In response to these challenges, Plant It Forward is considering possibilities including home deliveries and canning overstock produce to later sell as a shelf-stable product. That said, preserving produce that would otherwise spoil requires Plant It Forward to can or pickle the products in commercial-grade facilities that have been approved by the city’s health department, which the organization has not yet secured.

“Tomato season always feels like this race, like there’s so many tomatoes and everybody’s so excited but we want to make sure we can sell all of them in a short time frame before they turn bad. So maybe this will be the year we’re forced to figure out canning tomatoes,” Vallette said. “So for all these chefs that are bored and have a commercial kitchen, we’re happy to do some tomato canning.”

Other local suppliers are also depending on increased retail sales to help soften the blow from lost restaurant sales, including Angleton wagyu beef purveyor R-C Ranch. “I fully understand that until we contain the virus we can’t go back to normal,” said Ryan Cade, one of R-C Ranch’s founders and the currently elected Precinct 2 Commissioner for Brazoria County. “The more people obey and pay attention to the quarantine demands, the quicker we can go back to normal.”

Like Plant It Forward, R-C Ranch is now looking directly to consumers, shifting its focus to generating more online sales and capitalizing on its presence at Houston meat markets, including League City’s Stone Cold Meats. “We’ve completely waived shipping for orders in the state of Texas when people buy online,” Cade said. “Go online, buy a couple ribeyes and a couple pounds of ground meat and a baseball cap, and we’re going to deliver it to you for free.”

Karyn Medders, whose Chubby Dog Farms provides whole hogs and giant cuts of pork to restaurants across the state, is also shifting her business to focus more on individual consumers as restaurants cancel their orders. “We’ve had whole pig orders canceled, and foresee our standing orders being canceled, although that hasn’t been confirmed,” Medders says. “We’ve had to switch gears and focus on retail, and our pork processing in the foreseeable future will be retail cuts.”

Even with these measures, Cade still expects the impact of the restaurant closures and social distancing to send shocks through the supply chain.
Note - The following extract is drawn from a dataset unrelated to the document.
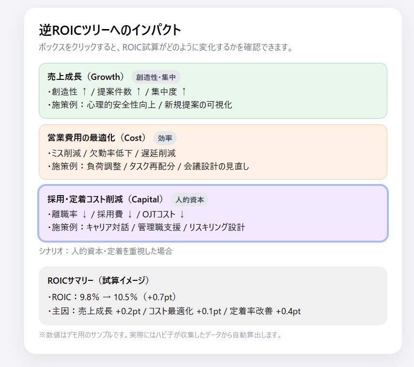 さらに、幸福度の改善が売上成長・コスト最適化・採用定着といった指標にどのように影響し、ROIC向上に接続されるかを「逆ROIツリー」として可視化。加えて、日報分析を通じた離職予兆検知やアラート設計など、人的資本経営・開示を見据えた実務的な活用シナリオも提示。幸福を定性的な概念に留めず、測定・介入・経営成果へとつなぐ新しい人的資本経営のアプローチを提案します。

But he’s hopeful that customer demand for high-quality meats will be enough to sustain his business over the long term. “People more than ever want to know where their food comes from. They want to understand the story, they want high quality food, they want to know about antibiotic and growth hormone use,” he said. “I think that the demand will always be there. But yes, I think in the short term, it’s going to hurt everybody.”